» **Exercise goal**: Before you write out the listing, remove the pictures; everything else stays exactly as it is.

» **Source data**:
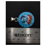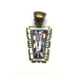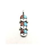 Sterling silver pendant with multiple stone inlay. 6.69 grams total weight. Made by Angus Ahiyite
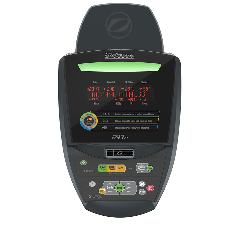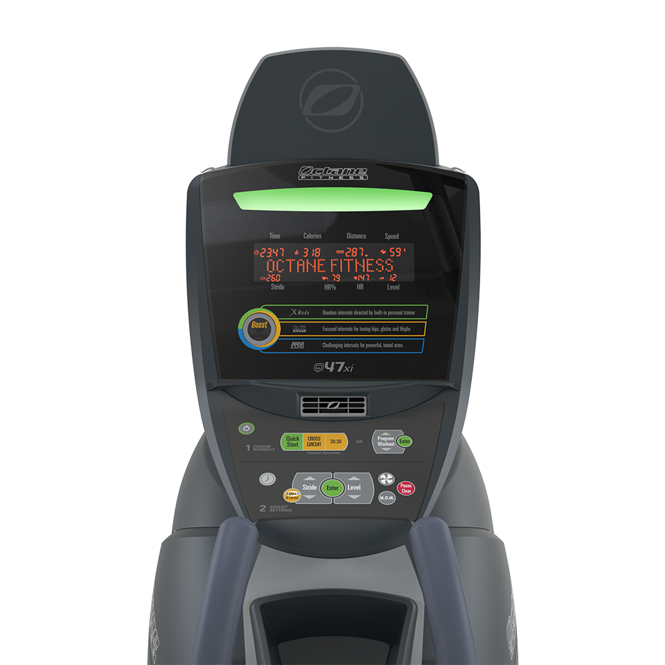 The Q47xi standing elliptical is a complete package – real-running motion based on precise human biomechanics, multi-grip handlebars, and a space-efficient design. Experience the Q47xi with the Octane smart console and SmartStride technology, along with Octane’s signature workout boosters, programs, and real-time feedback at your fingertips.
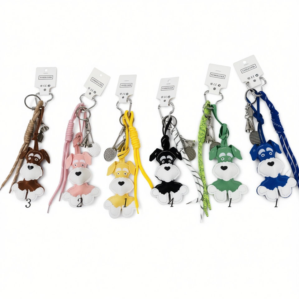 Porte-clés en peluche chien de dessin animé avec clochette, forme 3D, cadeau pour enfants et adultes
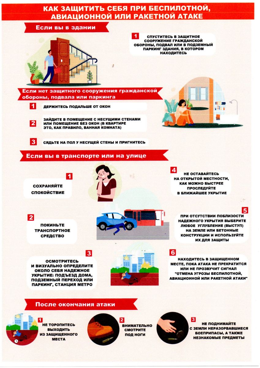С сотрудниками детского сада было организовано и проведено дополнительное занятие с доведением до персонала следующей информации:основные способы защиты от опасностей, возникающих при военных конфликтах или вследствии этих конфликтов, а также при ЧС природного и техногенного характера, беспилотной, авиационной или ракетной атаке; порядок укрытия в защитных сооружениях гражданской обороны и (или) заглубленных помещениях; порядок действий по сигналу оповещения "Внимание всем!"; правила поведения при эвакуации.

» **Answer to the exercise**:
 Sterling silver pendant with multiple stone inlay. 6.69 grams total weight. Made by Angus Ahiyite
 The Q47xi standing elliptical is a complete package – real-running motion based on precise human biomechanics, multi-grip handlebars, and a space-efficient design. Experience the Q47xi with the Octane smart console and SmartStride technology, along with Octane’s signature workout boosters, programs, and real-time feedback at your fingertips.
 Porte-clés en peluche chien de dessin animé avec clochette, forme 3D, cadeau pour enfants et adultes
С сотрудниками детского сада было организовано и проведено дополнительное занятие с доведением до персонала следующей информации:основные способы защиты от опасностей, возникающих при военных конфликтах или вследствии этих конфликтов, а также при ЧС природного и техногенного характера, беспилотной, авиационной или ракетной атаке; порядок укрытия в защитных сооружениях гражданской обороны и (или) заглубленных помещениях; порядок действий по сигналу оповещения "Внимание всем!"; правила поведения при эвакуации.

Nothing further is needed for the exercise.